La localización del defecto de plegado en el embrión determina la posición final del exomphalos. Un defecto de plegado cefálico da lugar a un exomphalos epigástrico que se sitúa en la parte alta del abdomen, lo que puede verse en la pentalogía cromosómica de Cantrell. Los defectos de plegado lateral dan lugar a un exomphalos típico que se sitúa en el centro del abdomen. Un defecto de plegado caudal da lugar a un exomphalos hipogástrico que se posiciona en la parte inferior del abdomen.
GenéticaEdit
Los genes que causan el exomphalos son controvertidos y están sujetos a investigación. El exomphalos se asocia en gran medida a anomalías cromosómicas, por lo que éstas se están explorando para determinar la causa genética de la enfermedad. Los estudios en ratones han indicado que las mutaciones en los receptores del factor de crecimiento de fibroblastos 1 y 2 (Fgfr1, Fgfr2) causan exomfalos. El factor de crecimiento de fibroblastos (FBGF) fomenta la migración de los miotúbulos durante la miogénesis. Cuando el FBGF se agota, los mioblastos dejan de migrar, cesan la división y se diferencian en miotúbulos que forman fibras musculares. Las mutaciones en los genes homeobox, como el Alx4, que dirigen la formación de estructuras corporales durante el desarrollo embrionario temprano, causan exomphalos en los ratones. Las mutaciones en el gen del factor de crecimiento similar a la insulina 2 (IGF2) y su gen receptor asociado IGF2R causan niveles elevados de la proteína IGF-2 en humanos, lo que provoca exomfalos en la enfermedad asociada al síndrome de Beckwith Wiedemann (BWS). El IFG2R es responsable de la degradación del exceso de proteína IGF-2. La enfermedad BWS está causada por una mutación en el cromosoma 11 en el locus donde reside el gen IGF2. La observación de los patrones de herencia de las anomalías asociadas a través de los pedigríes muestra que el exomphalos puede ser el resultado de una herencia autosómica dominante, autosómica recesiva y ligada al cromosoma X.

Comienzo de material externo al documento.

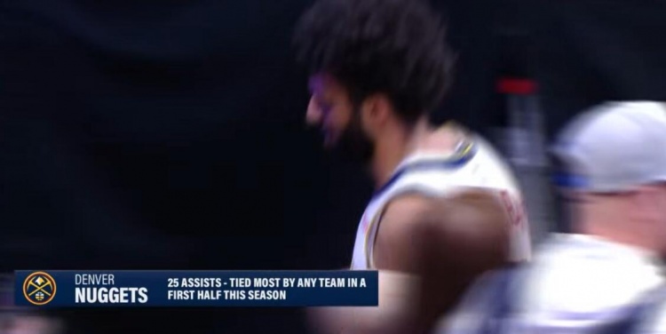上半場(chǎng),掘金全隊(duì)共有25次助攻,平了本賽季所有球隊(duì)半場(chǎng)助攻最多紀(jì)錄。

Factores ambientalesEditar
No se sabe bien si las acciones de la madre podrían predisponer o causar la enfermedad. El consumo de alcohol durante el primer trimestre, el consumo excesivo de tabaco, el uso de ciertos medicamentos como los inhibidores selectivos de la recaptación de serotonina y el metimazol (fármaco antitiroideo) durante el embarazo, las enfermedades febriles de la madre, la fecundación in vitro, la consanguinidad de los padres y la obesidad elevan el riesgo de que una mujer dé a luz a un bebé con exomphalos. Los métodos preventivos que podrían utilizar las madres incluyen la ingesta de un multivitamínico preconcepcional y la suplementación con ácido fólico. Se puede considerar la interrupción del embarazo si se confirma un exomfalo grande con anomalías congénitas asociadas durante el diagnóstico prenatal.